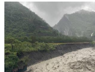
15k+150 路基流失250m 8/1搶通
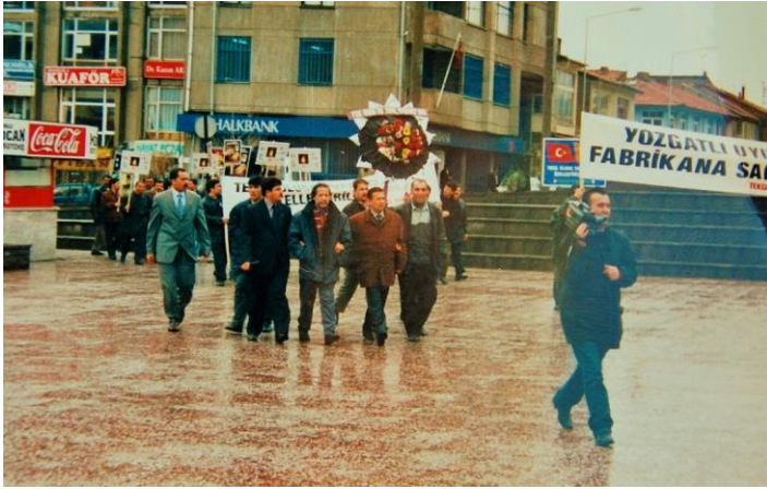
Resim 3. Fabrikanın Özelleştirilmesi Sürecinde İşçilerin Protesto Yürüyüşü
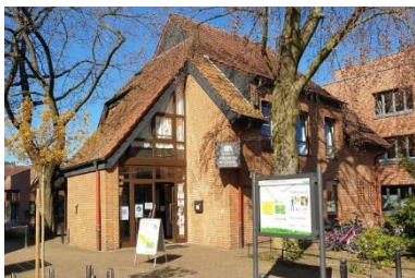
Stadtteilbücherei St. Clemens in Hilstrup

Die Kath. Kirchengemeinde St. Clemens Hilstrup Amelsbüren in Münster sucht im Rahmen einer Nachfolgeregelung zum 1.10.2025 eine neue Büchereileitung.
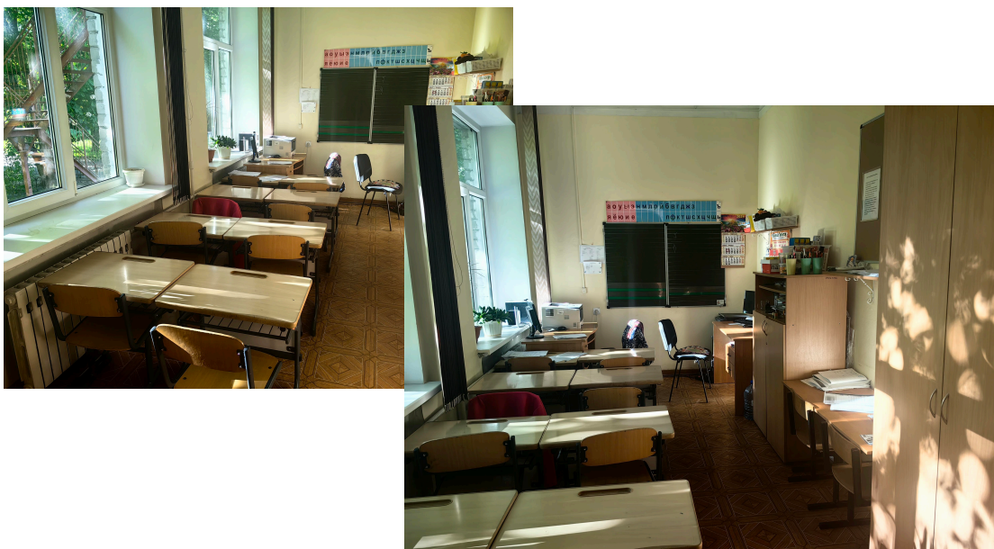
Фото на сегодняшний день
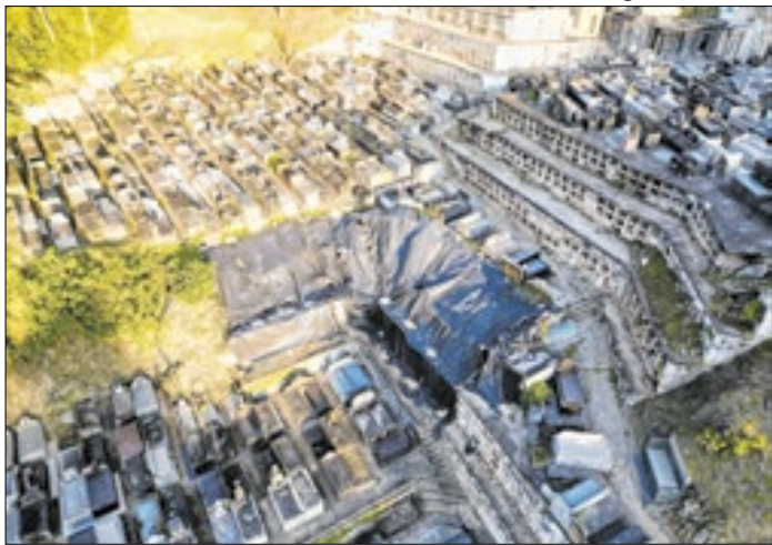
Túmulos continuam danificados e cobertos
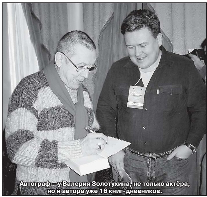
Автограф – у Валерия Золотухина, не только актёра, но и автора уже 16 книг-дневников.

Антрепризный спектакль «Все мои сыновья» предвратит кинофестиваль, а уже с 7 декабря на площадках ведущих кинотеатров Екатеринбурга начнётся кинопрограмма, в которой около 60 художественных, короткометражных, документальных и анимационных фильмов на тему семьи и детства. Фильмы – из 20 стран мира: России, Франции, Новой Зеландии, Германии, Италии, США, Китая и других.
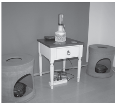
「よもぎ蒸し」の黄土椅子

○創業のきっかけ?…義父の看病をしていた当時、大変な時だからこそ自分の時間を作ろうと思い、看病しながらできることがないか考えていました。そんな時、「よもぎ蒸し」が目に入り、自分で情報を集めているうちにますますハマっていきました。また、以前から雑貨も好きだったため、これらを仕事にしようと2014(平成26)年にオープンしました。
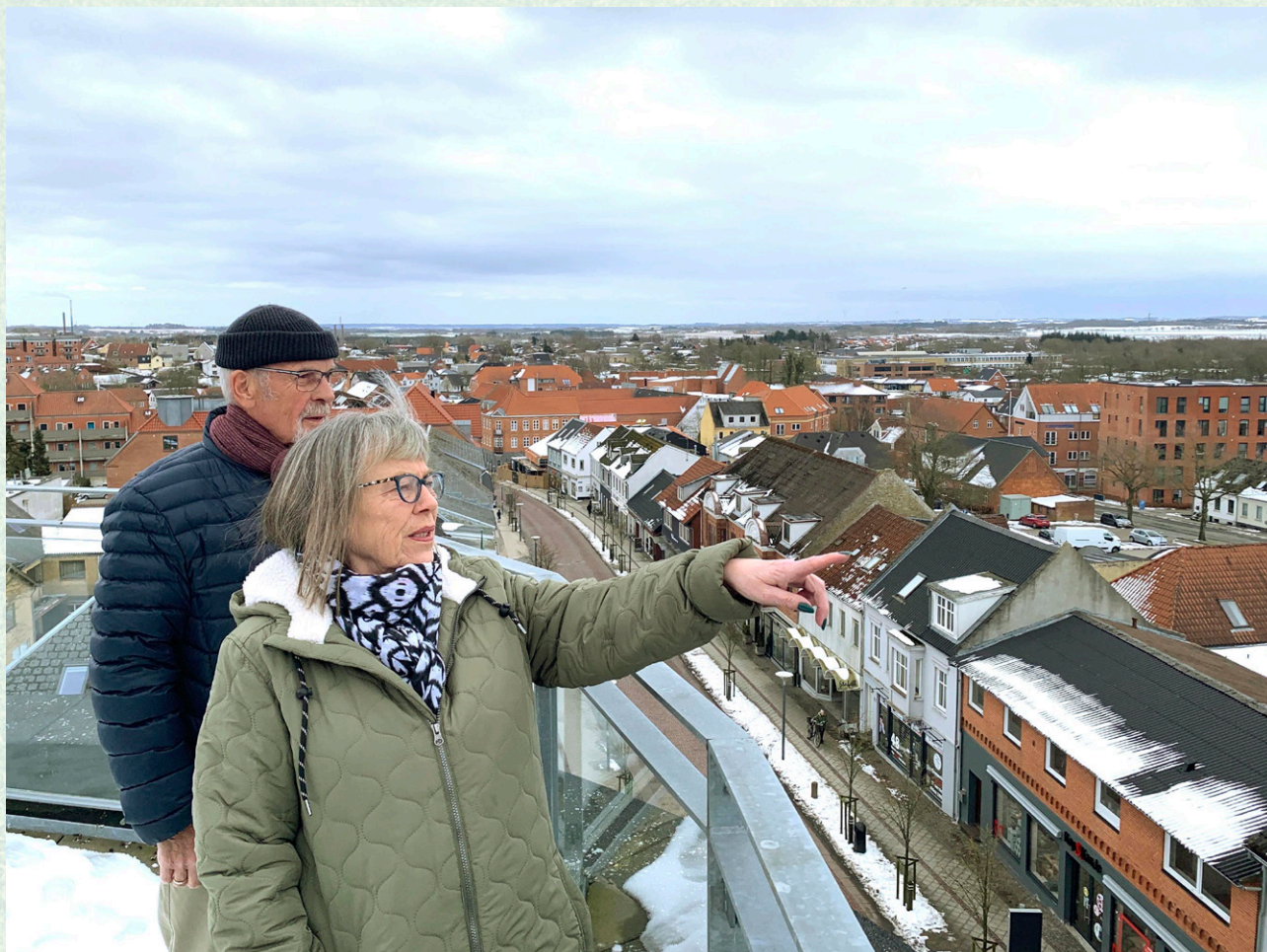
Fra tagterrassen er der en fantastisk udsigt over Aars by.
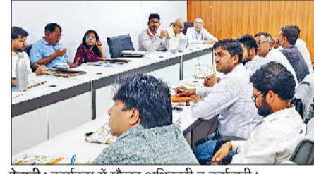
रेवाड़ी। कार्यक्रम में मौजूद अधिकारी व कर्मचारी।
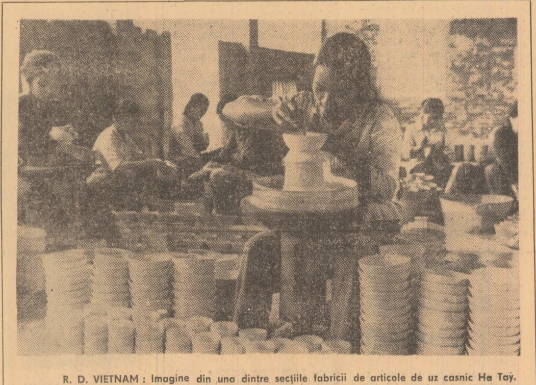
R. D. VIETNAM: Imagine din una dintre secțiile fabricii de articole de uz casnic Ha Tay.

desi au îndeplinit prevederile unor articole ale acordului au violat, în repetate rânduri, multe dintre acestea. Astfel, administrația de la Saigon lansează acțiuni militare împotriva zonelor controlate de G.R.P. iar, recent, trupele lor au pătruns în Cambodgia. De asemenea, autoritățile saigoneze întreprind acțiuni represive și de teroare împotriva populației din zonele pe care le controlează și refuză să îndeplinească cerințele acordului. Nguyen Huu Tho a încheiat cuvîntarea afirmînd că guvernul S.I.A. și administrația de la Saigon,
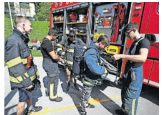
Seveda se je Dneva in pol krajanov udeležilo tudi gasilsko društvo, ki je z veseljem pokazalo svojo opremo.

dogajanje všečno, saj so ponudili veliko aktivnosti za otroke. »Všeč nam je, ker se lahko preizkusijo v različnih stvareh. Naša dva se navdušujeta nad Tomosi, ogledali smo si gobarsko razstavo in super bi nam bilo, da bi to ponovili tudi drugo leto.«
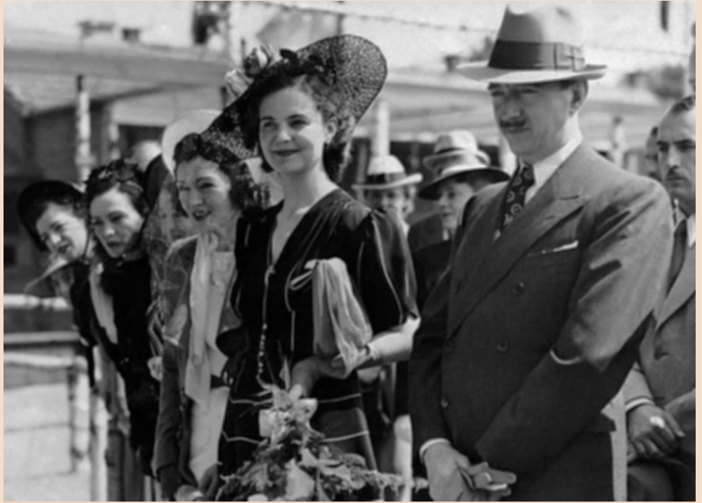
Száműzetésben: Gróf Apponyi Geraldine és férje, I. Zogu király lánytestvéreivel

nem térhetett haza. Ezután a félvilágot átívelő, hosszú emigrációs évek tovább folytatódtak: 1946 és 1955 között az egyiptomi Alexandriában Farouk (Fáruk) király vendégszeretetét élvezték.
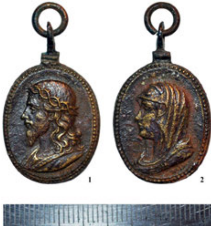
Рис. 4. Релігійний медальйон. 1 – аверс. Христос; 2 – реверс. Матір Божа. XVII – перша чверть XVIII ст.

присутність образу Богородиці на ньому закономірна. Адже в середньовіччі, крім святих, за допомогою у подоланні мору зверталися до Матері Божої Милостивої й Матері Божої Милосердної. Цікаві в цьому контексті т. зв. чумні стовпи, які досі збереглися у численних містах Центральної та Західної Європи. Їх встановлювали впродовж XVII–XVIII ст. на честь подолання епідемій. Один із найдавніших відомий у Мюнхені (1638). Вершину колон дуже часто вінчала фігура Матері Божої, переважно в образі Пречистої Діви Непорочного Зачаття (Іммакулати). Ймовірно, що розглядуваний медальйон також мав аналогічне призначення.
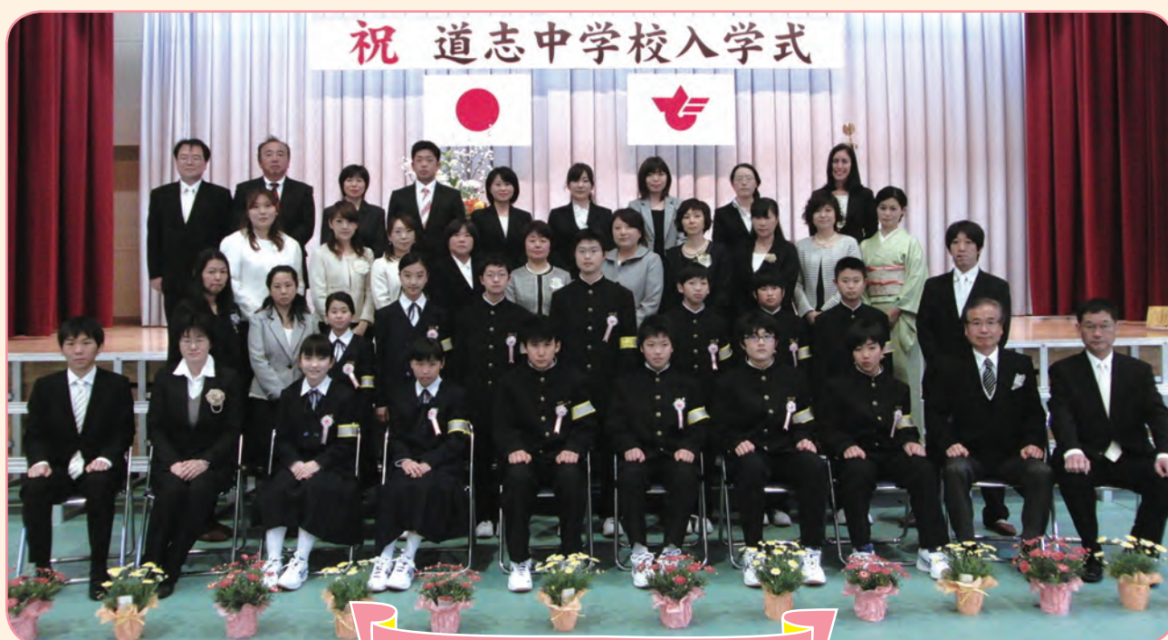
道志中学校入学式
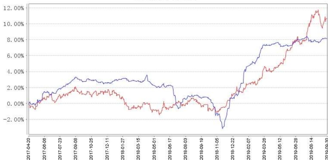
— 汇添富美元债券(QDII)美元现汇A累计净值增长率 — 汇添富美元债券(QDII)美元现汇A累计业绩基准收益率
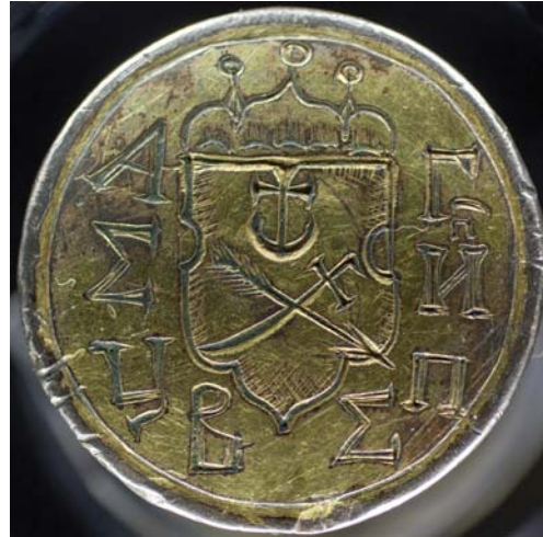
Рис. 12. Торцева частина держака пернача, що належав сумському полковнику А. Г. Кондратьєву. Слобідська Україна, 1687–1688. Військово-історичний музей артилерії, інженерних військ та військ зв'язку (Санкт-Петербург, РФ), інв. № КП 1932, КЕУ 7536, ООФ 129/114.

Син Герасима – Андрій Герасимович Кондратьєв (пом. 1708 р.) був затверджений царським урядом «стольником і полковником» у 1688 р. Набуті посади знайшли своє відображення в абрєвіатурі, вміщеній на перначі. Останній мав символізувати всю повноту військової та адміністративної влади в Сумському полку, що де-факто концентрувалася в руках Андрія Герасимовича [19, с. 222–223].

Work request ▸ Repeat the data exactly, excluding the pictures.

Response area ▸
15k+150 路基流失250m 8/1搶通
Resim 3. Fabrikanın Özelleştirilmesi Sürecinde İşçilerin Protesto Yürüyüşü
Stadtteilbücherei St. Clemens in Hilstrup

Die Kath. Kirchengemeinde St. Clemens Hilstrup Amelsbüren in Münster sucht im Rahmen einer Nachfolgeregelung zum 1.10.2025 eine neue Büchereileitung.
Фото на сегодняшний день
Túmulos continuam danificados e cobertos
Автограф – у Валерия Золотухина, не только актёра, но и автора уже 16 книг-дневников.

Антрепризный спектакль «Все мои сыновья» предвратит кинофестиваль, а уже с 7 декабря на площадках ведущих кинотеатров Екатеринбурга начнётся кинопрограмма, в которой около 60 художественных, короткометражных, документальных и анимационных фильмов на тему семьи и детства. Фильмы – из 20 стран мира: России, Франции, Новой Зеландии, Германии, Италии, США, Китая и других.
「よもぎ蒸し」の黄土椅子

○創業のきっかけ?…義父の看病をしていた当時、大変な時だからこそ自分の時間を作ろうと思い、看病しながらできることがないか考えていました。そんな時、「よもぎ蒸し」が目に入り、自分で情報を集めているうちにますますハマっていきました。また、以前から雑貨も好きだったため、これらを仕事にしようと2014(平成26)年にオープンしました。
Fra tagterrassen er der en fantastisk udsigt over Aars by.
रेवाड़ी। कार्यक्रम में मौजूद अधिकारी व कर्मचारी।
R. D. VIETNAM: Imagine din una dintre secțiile fabricii de articole de uz casnic Ha Tay.

desi au îndeplinit prevederile unor articole ale acordului au violat, în repetate rânduri, multe dintre acestea. Astfel, administrația de la Saigon lansează acțiuni militare împotriva zonelor controlate de G.R.P. iar, recent, trupele lor au pătruns în Cambodgia. De asemenea, autoritățile saigoneze întreprind acțiuni represive și de teroare împotriva populației din zonele pe care le controlează și refuză să îndeplinească cerințele acordului. Nguyen Huu Tho a încheiat cuvîntarea afirmînd că guvernul S.I.A. și administrația de la Saigon,
Seveda se je Dneva in pol krajanov udeležilo tudi gasilsko društvo, ki je z veseljem pokazalo svojo opremo.

dogajanje všečno, saj so ponudili veliko aktivnosti za otroke. »Všeč nam je, ker se lahko preizkusijo v različnih stvareh. Naša dva se navdušujeta nad Tomosi, ogledali smo si gobarsko razstavo in super bi nam bilo, da bi to ponovili tudi drugo leto.«
Száműzetésben: Gróf Apponyi Geraldine és férje, I. Zogu király lánytestvéreivel

nem térhetett haza. Ezután a félvilágot átívelő, hosszú emigrációs évek tovább folytatódtak: 1946 és 1955 között az egyiptomi Alexandriában Farouk (Fáruk) király vendégszeretetét élvezték.
Рис. 4. Релігійний медальйон. 1 – аверс. Христос; 2 – реверс. Матір Божа. XVII – перша чверть XVIII ст.

присутність образу Богородиці на ньому закономірна. Адже в середньовіччі, крім святих, за допомогою у подоланні мору зверталися до Матері Божої Милостивої й Матері Божої Милосердної. Цікаві в цьому контексті т. зв. чумні стовпи, які досі збереглися у численних містах Центральної та Західної Європи. Їх встановлювали впродовж XVII–XVIII ст. на честь подолання епідемій. Один із найдавніших відомий у Мюнхені (1638). Вершину колон дуже часто вінчала фігура Матері Божої, переважно в образі Пречистої Діви Непорочного Зачаття (Іммакулати). Ймовірно, що розглядуваний медальйон також мав аналогічне призначення.
道志中学校入学式
— 汇添富美元债券(QDII)美元现汇A累计净值增长率 — 汇添富美元债券(QDII)美元现汇A累计业绩基准收益率
Рис. 12. Торцева частина держака пернача, що належав сумському полковнику А. Г. Кондратьєву. Слобідська Україна, 1687–1688. Військово-історичний музей артилерії, інженерних військ та військ зв'язку (Санкт-Петербург, РФ), інв. № КП 1932, КЕУ 7536, ООФ 129/114.

Син Герасима – Андрій Герасимович Кондратьєв (пом. 1708 р.) був затверджений царським урядом «стольником і полковником» у 1688 р. Набуті посади знайшли своє відображення в абрєвіатурі, вміщеній на перначі. Останній мав символізувати всю повноту військової та адміністративної влади в Сумському полку, що де-факто концентрувалася в руках Андрія Герасимовича [19, с. 222–223].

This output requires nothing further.